Pitt Team Tackles Treatment-Resistant Prostate Cancer

By: Allison Marin

To find new therapies for advanced, treatment-resistant prostate cancer, researchers from the University of Pittsburgh have developed a high-throughput screen that examined 220,000 compounds, from which they identified several small molecules capable of inhibiting the cancer cells in cell culture and animal studies.

The new screening method and results were presented in a pair of papers published May 17 in the journal ASSAY and Drug Development Technologies and May 27 in the journal ACS Medicinal Chemistry Letters.

More than 30,000 patients each year are diagnosed with advanced prostate cancer, and it is the second leading cause of cancer deaths in the United States.

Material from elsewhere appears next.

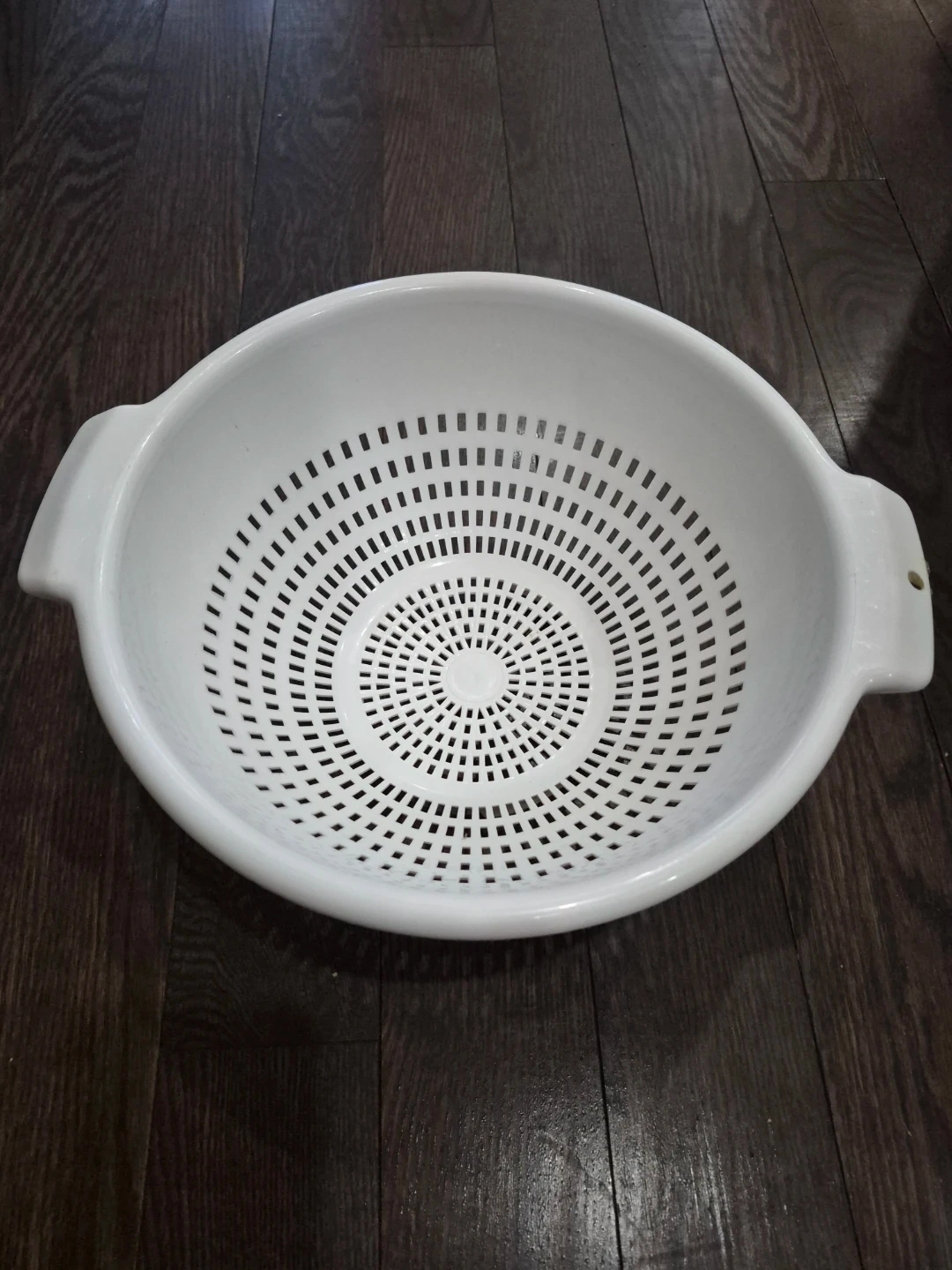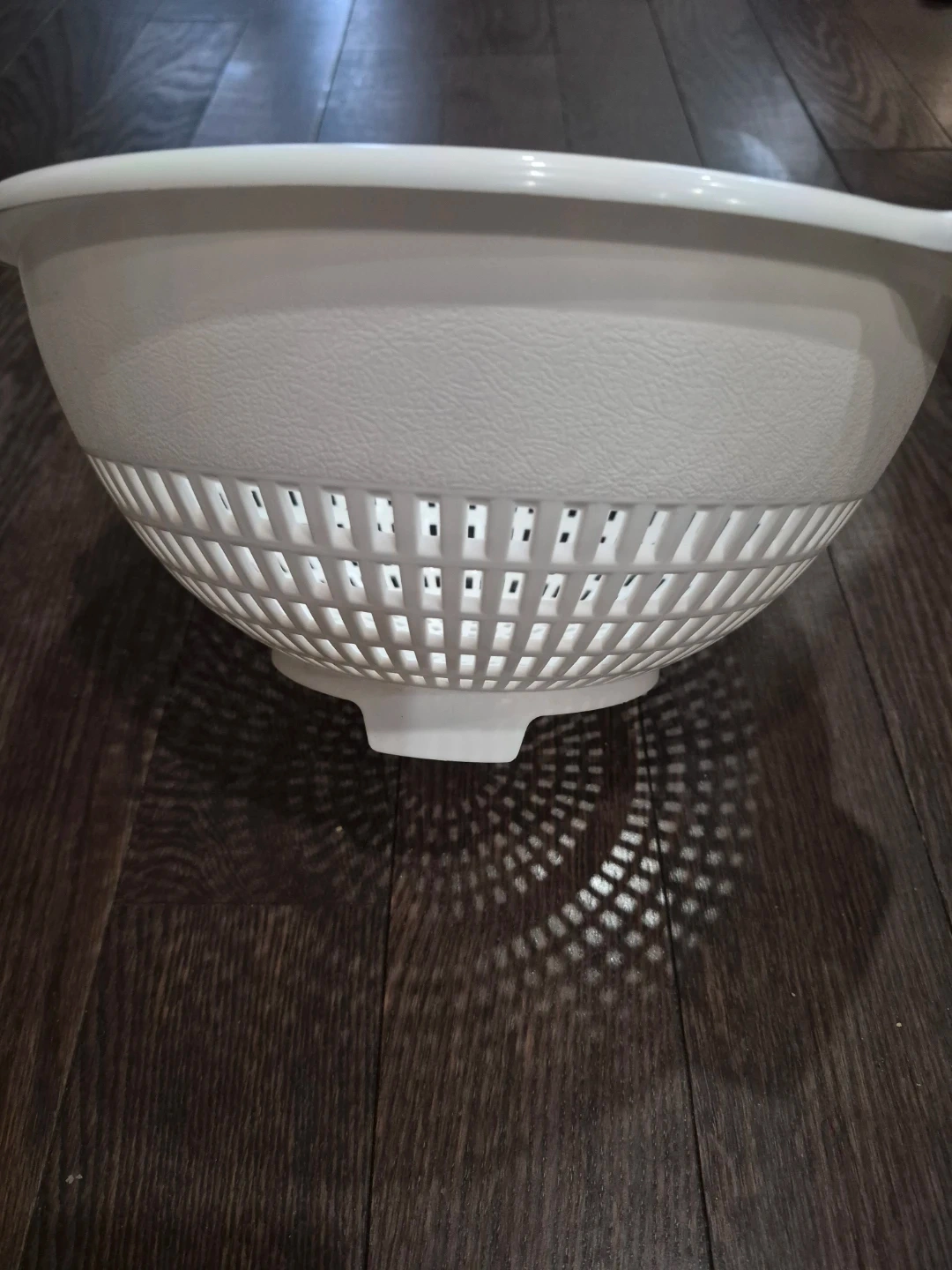 Selling a white plastic colander, perfect for rinsing fruits and vegetables! It's in great shape and ready to use in your kitchen

Androgen-deprivation therapy, which denies tumor cells the hormones they need to grow, is one of the primary treatments for prostate cancer, but almost all patients eventually progress to the more advanced and aggressive stage of the disease known as castration-resistant prostate cancer (CRPC).

CRPC progression is driven by the androgen receptor in cancer cells, so blocking this receptor has become a major focus of prostate cancer research, explained Zhou Wang, Ph.D., professor and director of urological research in the Department of Urology, and co-leader of the Molecular and Cellular Cancer Biology Program of the University of Pittsburgh Cancer Institute (UPCI), who along with Peter Wipf, Ph.D., professor of chemistry, and co-leader of the UPCI Cancer Therapeutics Program, led the new research.

wang“Our goal is to develop novel androgen receptor antagonists for the treatment of patients for whom the current therapies aren’t working, so we can prolong their life,” said Dr. Wang.

As part of a decade-long effort to develop new treatments for CRPC by targeting the androgen receptor located specifically in the nucleus of CRPC cells, the researchers developed a novel high-throughput assay that can quickly screen a large volume of potential candidate inhibitors.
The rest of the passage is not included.